The pharmaceutical composition of the present invention may be administered orally or parenterally (for example, intravenously, subcutaneously, intraperitoneally or topically) depending on the desired method, and is preferably administered orally. In addition, the dosage of the pharmaceutical composition of the present invention varies depending on the subject's body weight, age, sex, health condition, diet, administration time, administration method, excretion rate, and severity of disease, but is not limited thereto.

In addition, the present invention provides a health functional food composition for preventing or improving viral infection diseases comprising fibroblast growth factor 11 (FGF11) as an active ingredient.

The present invention can be generally used as a commonly used food.

The food composition of the present invention can be used as a health functional food. The term "health functional food" refers to food manufactured and processed using raw materials or ingredients having useful functionalities for the human body in accordance with the Health Functional Food Act, and "functional" refers to food that is not related to the structure and function of the human body. It refers to intake for the purpose of obtaining useful effects for health purposes such as regulating nutrients or physiological functions.

The food composition of the present invention may include conventional food additives, and the suitability as the "food additive" is determined according to the general rules of the food additive code approved by the Ministry of Food and Drug Safety and general test methods, etc., unless otherwise specified.
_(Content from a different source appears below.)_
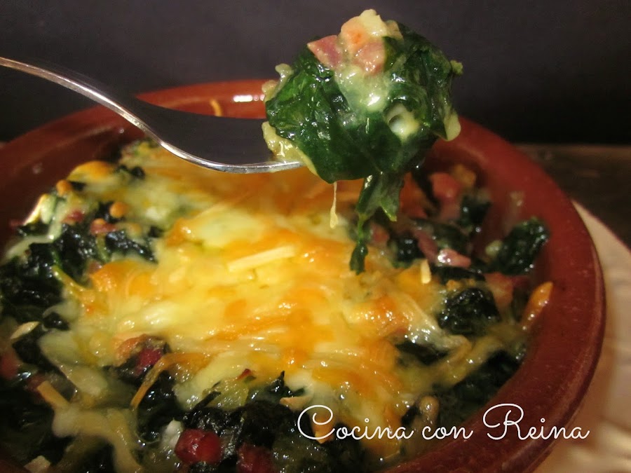 Ponemos en unas cazuelitas las espinacas, cubrimos de queso y gratinamos unos minutos a 200º.

It is judged according to the specifications and standards for the item.

Items listed in the "Food Additive Code" include, for example, chemical compounds such as ketones, glycine, potassium citrate, nicotinic acid, and cinnamic acid, natural additives such as dark pigment, licorice extract, crystalline cellulose, goyang pigment, guar gum, and mixed preparations such as sodium L-glutamate preparations, noodle-added alkali preparations, preservative preparations, and tar color preparations.

The food composition of the present invention can be prepared and processed in the form of tablets, capsules, powders, granules, liquids, pills and the like.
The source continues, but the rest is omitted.